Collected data
* * * * * * * * *

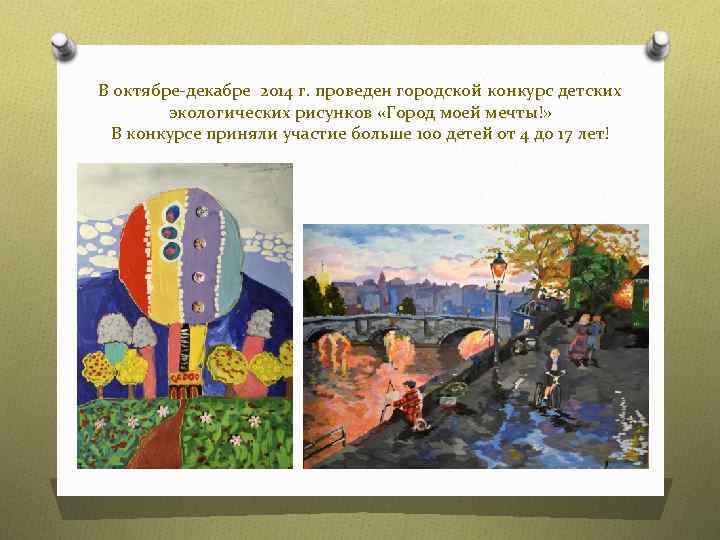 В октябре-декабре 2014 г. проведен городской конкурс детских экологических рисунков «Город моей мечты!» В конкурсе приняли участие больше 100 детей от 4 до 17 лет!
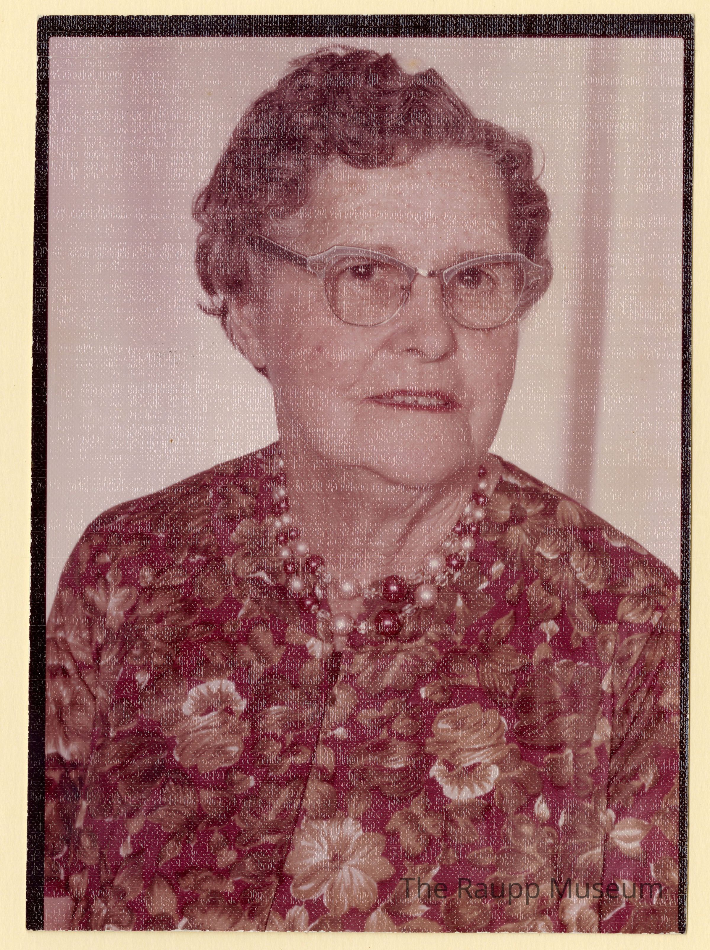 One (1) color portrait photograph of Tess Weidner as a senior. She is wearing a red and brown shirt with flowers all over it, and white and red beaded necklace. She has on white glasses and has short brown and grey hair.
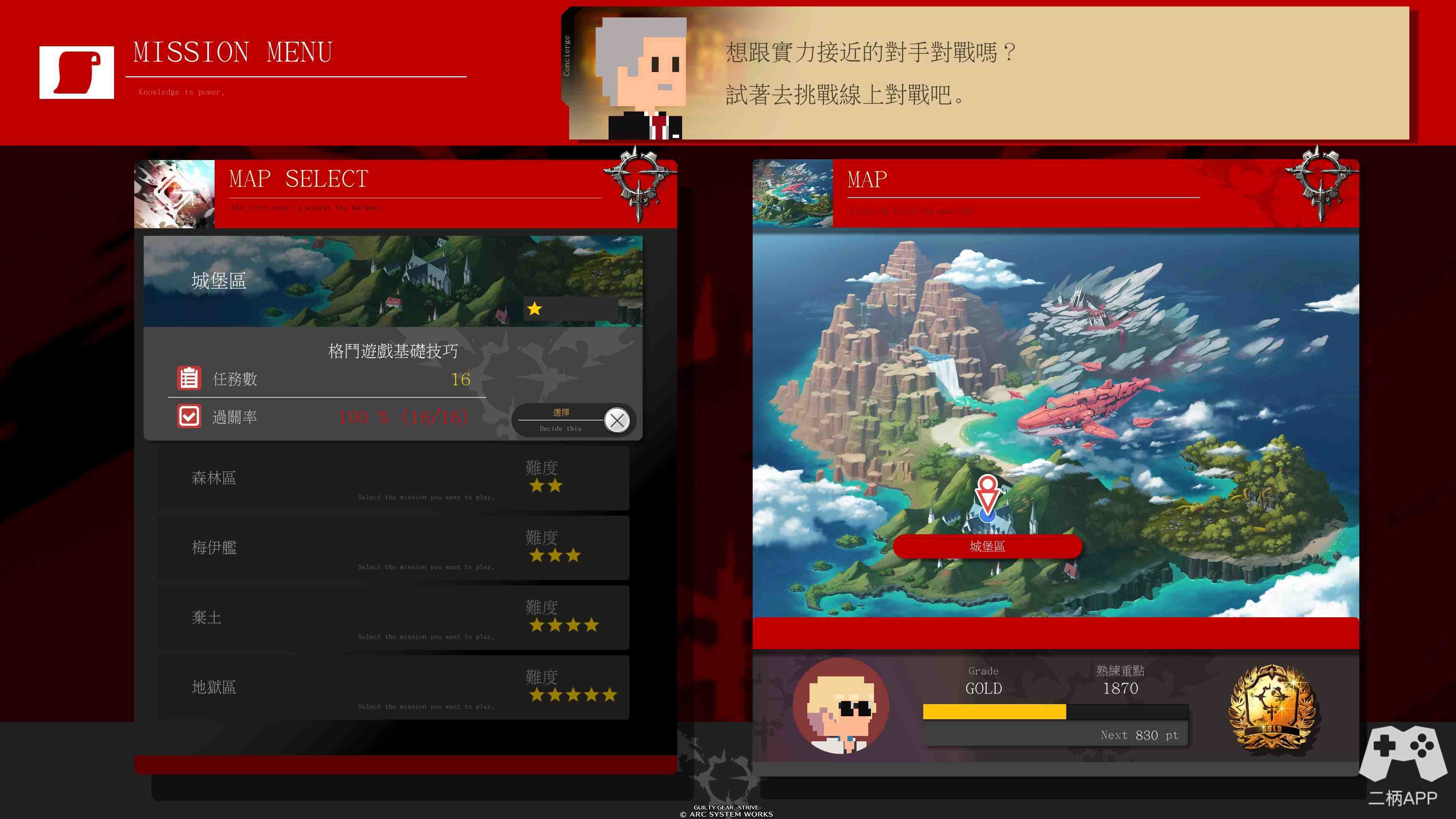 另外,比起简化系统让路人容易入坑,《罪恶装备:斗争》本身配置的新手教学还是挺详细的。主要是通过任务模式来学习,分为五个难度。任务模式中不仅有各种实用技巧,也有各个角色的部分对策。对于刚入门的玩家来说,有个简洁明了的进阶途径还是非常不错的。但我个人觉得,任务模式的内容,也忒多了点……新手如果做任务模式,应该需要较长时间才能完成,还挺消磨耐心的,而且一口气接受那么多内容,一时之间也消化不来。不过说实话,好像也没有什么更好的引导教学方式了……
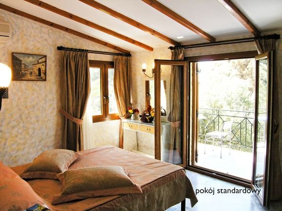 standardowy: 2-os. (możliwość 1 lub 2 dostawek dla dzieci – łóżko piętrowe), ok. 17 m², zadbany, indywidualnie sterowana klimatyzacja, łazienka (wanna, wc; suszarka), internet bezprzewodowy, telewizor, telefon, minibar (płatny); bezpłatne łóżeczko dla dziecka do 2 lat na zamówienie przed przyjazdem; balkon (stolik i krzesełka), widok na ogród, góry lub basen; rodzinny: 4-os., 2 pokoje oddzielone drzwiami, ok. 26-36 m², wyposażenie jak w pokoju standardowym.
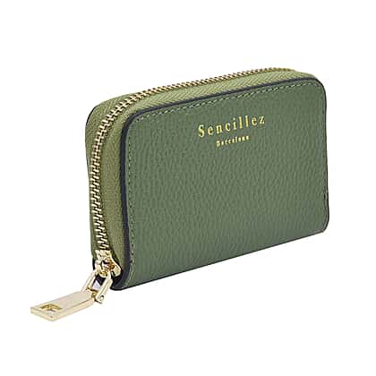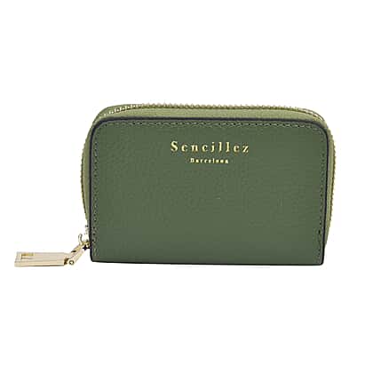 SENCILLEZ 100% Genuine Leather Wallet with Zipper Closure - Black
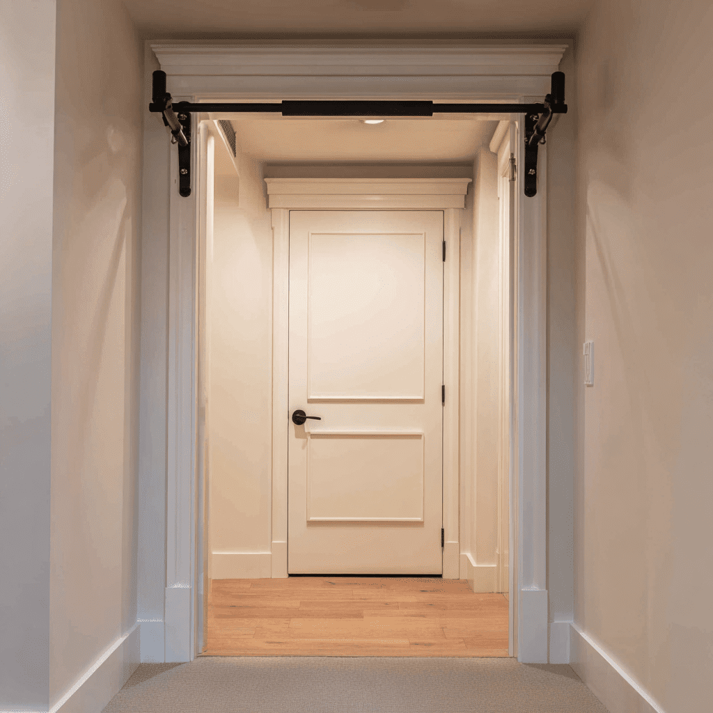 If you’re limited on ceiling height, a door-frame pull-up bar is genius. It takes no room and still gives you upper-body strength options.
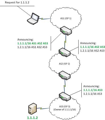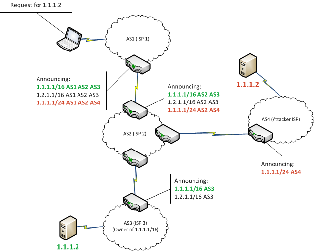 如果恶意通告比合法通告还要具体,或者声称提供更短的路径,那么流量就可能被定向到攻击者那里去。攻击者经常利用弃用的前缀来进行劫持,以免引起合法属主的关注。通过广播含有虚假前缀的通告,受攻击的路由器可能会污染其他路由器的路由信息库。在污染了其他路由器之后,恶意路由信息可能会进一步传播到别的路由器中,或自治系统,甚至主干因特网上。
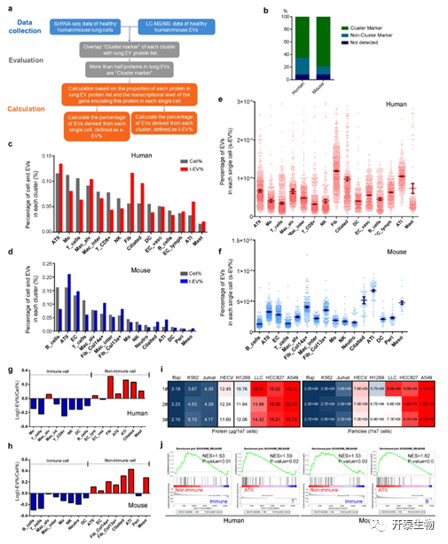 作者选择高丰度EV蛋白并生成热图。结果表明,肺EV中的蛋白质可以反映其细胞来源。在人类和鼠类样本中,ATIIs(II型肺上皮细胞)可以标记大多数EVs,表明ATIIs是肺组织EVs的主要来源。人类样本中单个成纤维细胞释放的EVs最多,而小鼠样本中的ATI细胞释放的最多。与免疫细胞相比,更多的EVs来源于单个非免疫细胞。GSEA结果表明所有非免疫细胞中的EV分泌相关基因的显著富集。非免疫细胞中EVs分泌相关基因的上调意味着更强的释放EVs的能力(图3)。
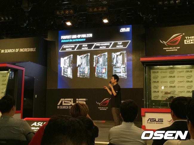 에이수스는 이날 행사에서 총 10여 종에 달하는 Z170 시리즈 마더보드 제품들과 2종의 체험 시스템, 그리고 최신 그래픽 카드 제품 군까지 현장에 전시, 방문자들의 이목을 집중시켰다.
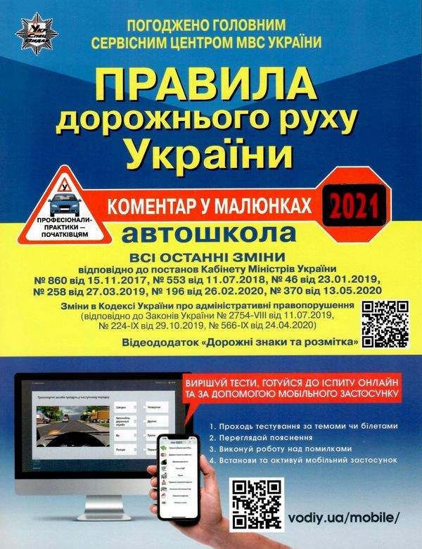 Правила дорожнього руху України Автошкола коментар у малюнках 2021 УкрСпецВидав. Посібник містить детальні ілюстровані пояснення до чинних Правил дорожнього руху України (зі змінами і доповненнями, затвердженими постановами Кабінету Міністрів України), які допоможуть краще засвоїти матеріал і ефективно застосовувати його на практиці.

* * * * * * * * *

» **What you are asked to do**
Write out exactly, and nothing more than, the lines of the entries above from the line containing "另外,比起简化系统让路人容易" through the final line; omit any pictures.

» **Expected answer**
 另外,比起简化系统让路人容易入坑,《罪恶装备:斗争》本身配置的新手教学还是挺详细的。主要是通过任务模式来学习,分为五个难度。任务模式中不仅有各种实用技巧,也有各个角色的部分对策。对于刚入门的玩家来说,有个简洁明了的进阶途径还是非常不错的。但我个人觉得,任务模式的内容,也忒多了点……新手如果做任务模式,应该需要较长时间才能完成,还挺消磨耐心的,而且一口气接受那么多内容,一时之间也消化不来。不过说实话,好像也没有什么更好的引导教学方式了……
 standardowy: 2-os. (możliwość 1 lub 2 dostawek dla dzieci – łóżko piętrowe), ok. 17 m², zadbany, indywidualnie sterowana klimatyzacja, łazienka (wanna, wc; suszarka), internet bezprzewodowy, telewizor, telefon, minibar (płatny); bezpłatne łóżeczko dla dziecka do 2 lat na zamówienie przed przyjazdem; balkon (stolik i krzesełka), widok na ogród, góry lub basen; rodzinny: 4-os., 2 pokoje oddzielone drzwiami, ok. 26-36 m², wyposażenie jak w pokoju standardowym.
 SENCILLEZ 100% Genuine Leather Wallet with Zipper Closure - Black
 If you’re limited on ceiling height, a door-frame pull-up bar is genius. It takes no room and still gives you upper-body strength options.
 如果恶意通告比合法通告还要具体,或者声称提供更短的路径,那么流量就可能被定向到攻击者那里去。攻击者经常利用弃用的前缀来进行劫持,以免引起合法属主的关注。通过广播含有虚假前缀的通告,受攻击的路由器可能会污染其他路由器的路由信息库。在污染了其他路由器之后,恶意路由信息可能会进一步传播到别的路由器中,或自治系统,甚至主干因特网上。
 作者选择高丰度EV蛋白并生成热图。结果表明,肺EV中的蛋白质可以反映其细胞来源。在人类和鼠类样本中,ATIIs(II型肺上皮细胞)可以标记大多数EVs,表明ATIIs是肺组织EVs的主要来源。人类样本中单个成纤维细胞释放的EVs最多,而小鼠样本中的ATI细胞释放的最多。与免疫细胞相比,更多的EVs来源于单个非免疫细胞。GSEA结果表明所有非免疫细胞中的EV分泌相关基因的显著富集。非免疫细胞中EVs分泌相关基因的上调意味着更强的释放EVs的能力(图3)。
 에이수스는 이날 행사에서 총 10여 종에 달하는 Z170 시리즈 마더보드 제품들과 2종의 체험 시스템, 그리고 최신 그래픽 카드 제품 군까지 현장에 전시, 방문자들의 이목을 집중시켰다.
 Правила дорожнього руху України Автошкола коментар у малюнках 2021 УкрСпецВидав. Посібник містить детальні ілюстровані пояснення до чинних Правил дорожнього руху України (зі змінами і доповненнями, затвердженими постановами Кабінету Міністрів України), які допоможуть краще засвоїти матеріал і ефективно застосовувати його на практиці.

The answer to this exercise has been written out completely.